[Information provided — start]

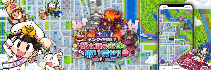 Nintendo Switchで発売中の大人気ゲーム「桃太郎電鉄 ~昭和 平成 令和も定番!~ 」のタイアップ企画にて行われる、市内探索型イベント「リアル桃鉄」内で使用されるマップのデザインを担当いたしました。
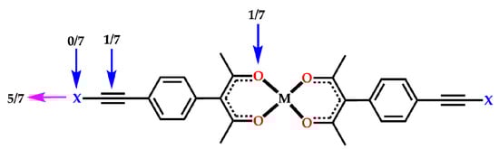 In each free ligand, one can envision that there are four competing halogen-bond acceptor sites; a lone pair on the keto oxygen atom, the hydroxylic oxygen atom, the π-electron cloud on the ethynyl group and the electronegative equatorial region on each halogen atom, Scheme 3a. In the corresponding metal complexes we reduce the number of unique competing halogen-bond acceptors to three; an oxygen atom from the deprotonated acac-moiety, as well as the triple bond, and the equatorial region on the halogen atom, Scheme 3b. The purpose of this synthetic/structural study is to establish which of these different acceptor sites is going to dominate the eventual solid-state structures.
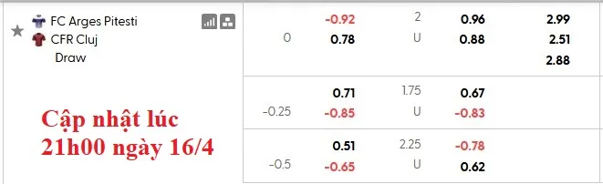 Arges có lợi thế sân nhà, nhưng mức kèo châu Á dành cho họ chỉ là 0:0. Arges đã thắng kèo châu Á trong 3/4 trận gần đây, trong khi đội khách cũng có 7/10 trận thắng kèo. Hai đội có sự tương đồng về kèo với 1 đội thắng 4 và 1 đội thắng 5 trong 10 trận đối đầu vừa qua.
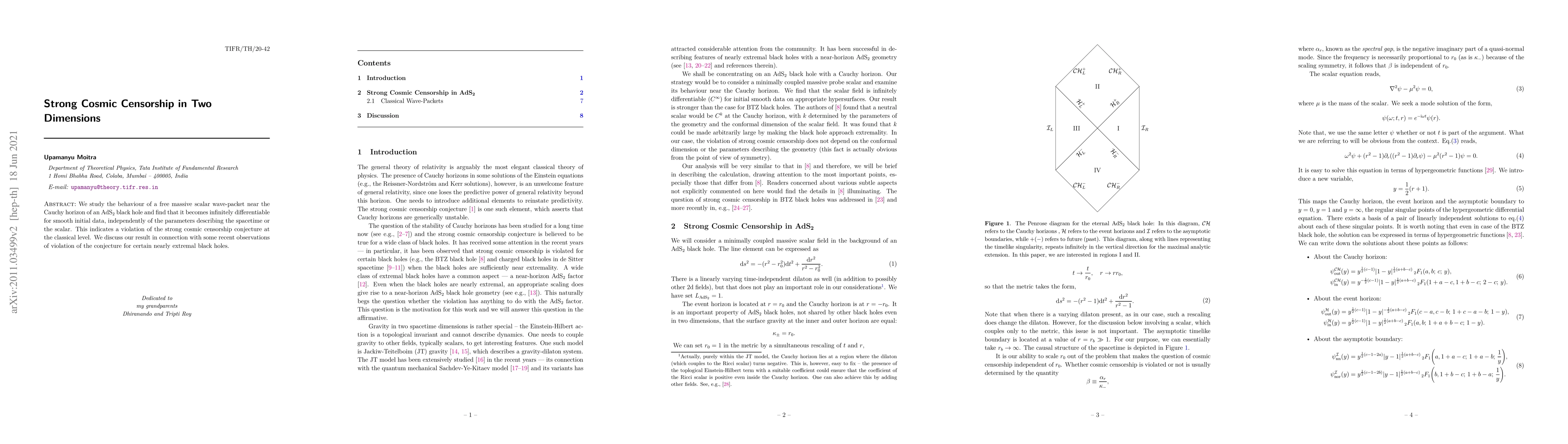 This paper investigates the behavior of a scalar wave-packet near the Cauchy horizon of a 2D AdS black hole, revealing it becomes infinitely differentiable for smooth initial data, thus violating the strong cosmic censorship conjecture classically. The findings align with recent observations of similar violations in nearly extremal black holes.
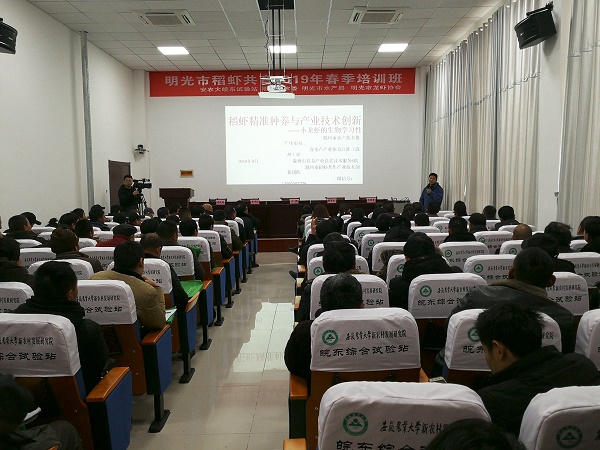 本网讯2月15日,明光市稻虾共育技术2019年春季培训班在我校皖东综合试验站顺利开班。此次培训班由皖东综合试验站联合明光市农委、明光市水产局、明光市龙虾产业协会、安农大·明光市水产产业联盟共同举办,来自明光市112名稻虾共育种养殖户参加了培训。培训班上,滁州市水产技术推广站站长凌武海讲授了《稻虾共育精准作业》技术,我校副教授讲授了《稻虾养殖失败与病害分析》课程;水产产业联盟首席专家连同两位授课专家进行了现场答疑。
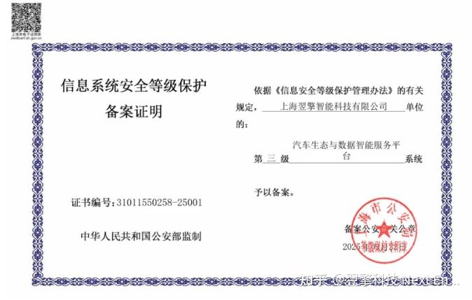 近日,翌擎智能科技通过2025年度信息系统安全等级保护三级认证(简称“等保三级认证”),标志着翌擎在技术攻防、数据保护、应急响应等方面已经达到国家规定的高级别安全标准,为公司业务的稳健发展和客户的信息安全提供坚实保障。
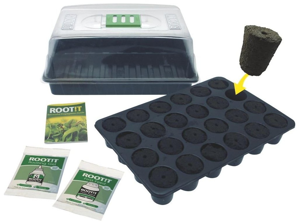 ROOT IT Propagation Kit je sada produktov na klonovanie, ktorá zahŕňa 24 kusov organického média Natural Rooting Sponge a miniskleník ROOT IT.
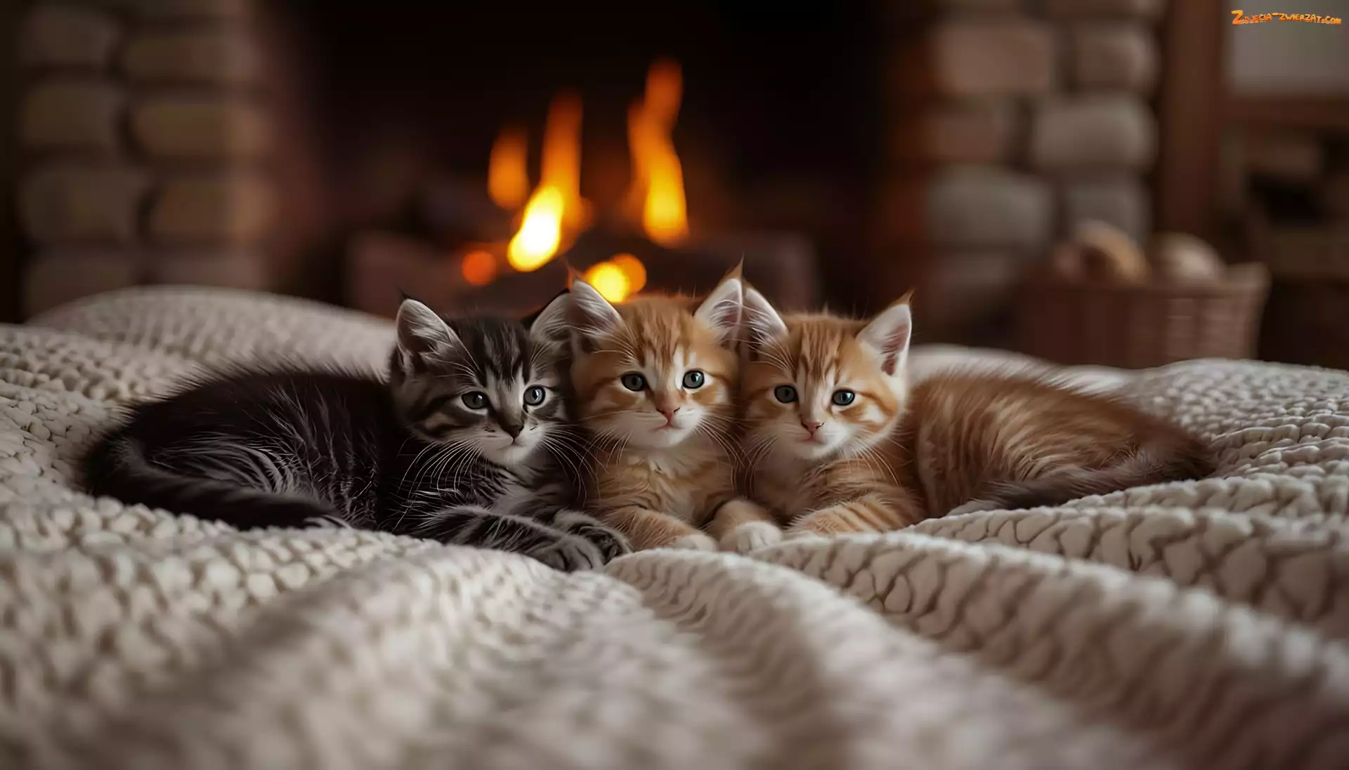 Zdjęcie: AI, Koty, Trzy, Małe, Legowisko, Grafika
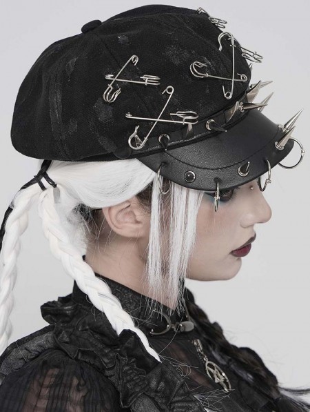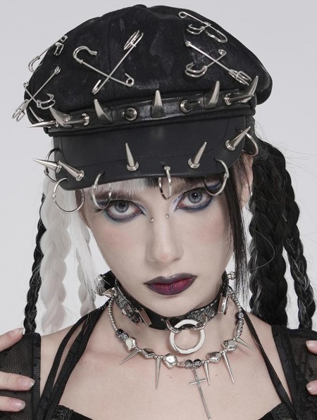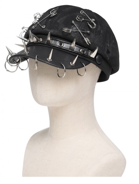Devil Fashion Black Gothic Punk Rivet Spiked Pin Hat with Rings
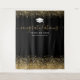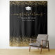 Tapiz personalizado de cabina de fotos de graduación con un fondo negro elegante que se puede cambiar a cualquier color, brillo de destellos de oro elegante, birrete, el año de la promoción y el nombre de la escuela o universidad.
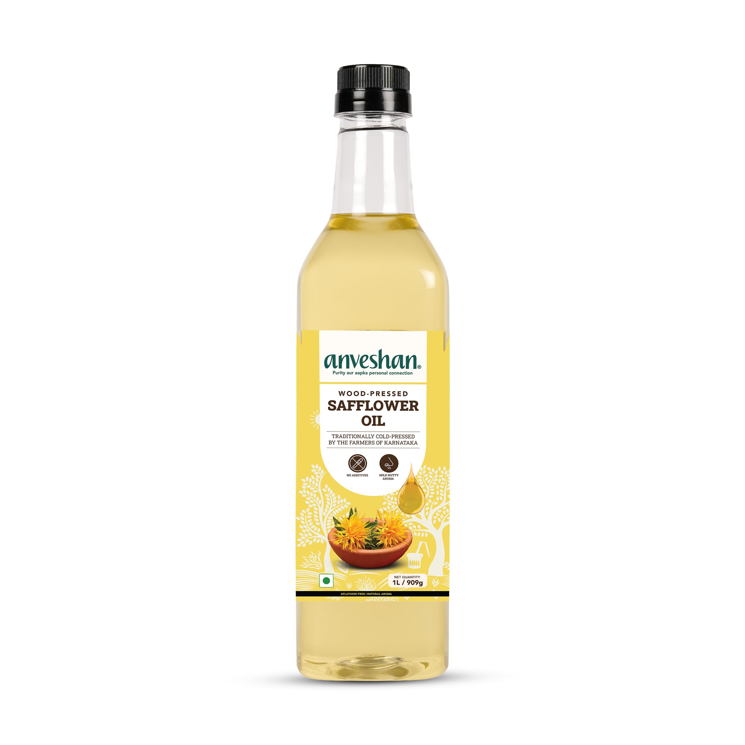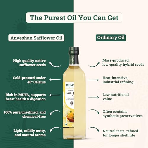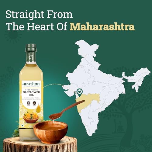 Anveshan Cold - Pressed Safflower Oil - 1L | Extracted on Wooden Churner | Safflower For Cooking With Multipurpose Usage | PET Bottle

[Information provided — finish]

= What is being asked =
What belongs in the answer is each line above from the line with "Arges có lợi" to the line with "ROOT IT Propagation", inclusive, reproduced exactly and free of pictures.

= Written answer =
 Arges có lợi thế sân nhà, nhưng mức kèo châu Á dành cho họ chỉ là 0:0. Arges đã thắng kèo châu Á trong 3/4 trận gần đây, trong khi đội khách cũng có 7/10 trận thắng kèo. Hai đội có sự tương đồng về kèo với 1 đội thắng 4 và 1 đội thắng 5 trong 10 trận đối đầu vừa qua.
 This paper investigates the behavior of a scalar wave-packet near the Cauchy horizon of a 2D AdS black hole, revealing it becomes infinitely differentiable for smooth initial data, thus violating the strong cosmic censorship conjecture classically. The findings align with recent observations of similar violations in nearly extremal black holes.
 本网讯2月15日,明光市稻虾共育技术2019年春季培训班在我校皖东综合试验站顺利开班。此次培训班由皖东综合试验站联合明光市农委、明光市水产局、明光市龙虾产业协会、安农大·明光市水产产业联盟共同举办,来自明光市112名稻虾共育种养殖户参加了培训。培训班上,滁州市水产技术推广站站长凌武海讲授了《稻虾共育精准作业》技术,我校副教授讲授了《稻虾养殖失败与病害分析》课程;水产产业联盟首席专家连同两位授课专家进行了现场答疑。
 近日,翌擎智能科技通过2025年度信息系统安全等级保护三级认证(简称“等保三级认证”),标志着翌擎在技术攻防、数据保护、应急响应等方面已经达到国家规定的高级别安全标准,为公司业务的稳健发展和客户的信息安全提供坚实保障。
 ROOT IT Propagation Kit je sada produktov na klonovanie, ktorá zahŕňa 24 kusov organického média Natural Rooting Sponge a miniskleník ROOT IT.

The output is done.